§ **INSTRUCTIONS TO FOLLOW**: Your answer must be an exact copy of the listing, with the images left out.

§ **DATA SECTION**:
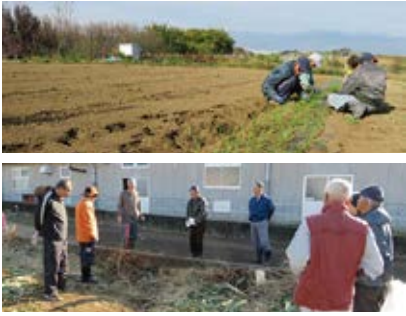
畑楽人（はたらくひと）事業 11/13（月）・12/11（月） 豊富地区大鳥居
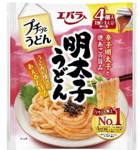
プチッとうどん 明太子うどん

エバラ食品は「こころ、はずむ、おいしさ。」を提供し、「プチッとうどん」をはじめとした「プチッと調味料」の提供価値をさらに拡大することで、さらなるお役立ちを目指してまいります。
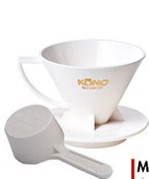
MDN-20WH 名門2人用ドリッパーセット ホワイト

§ **EXERCISE OUTPUT**:
畑楽人（はたらくひと）事業 11/13（月）・12/11（月） 豊富地区大鳥居
プチッとうどん 明太子うどん

エバラ食品は「こころ、はずむ、おいしさ。」を提供し、「プチッとうどん」をはじめとした「プチッと調味料」の提供価値をさらに拡大することで、さらなるお役立ちを目指してまいります。
MDN-20WH 名門2人用ドリッパーセット ホワイト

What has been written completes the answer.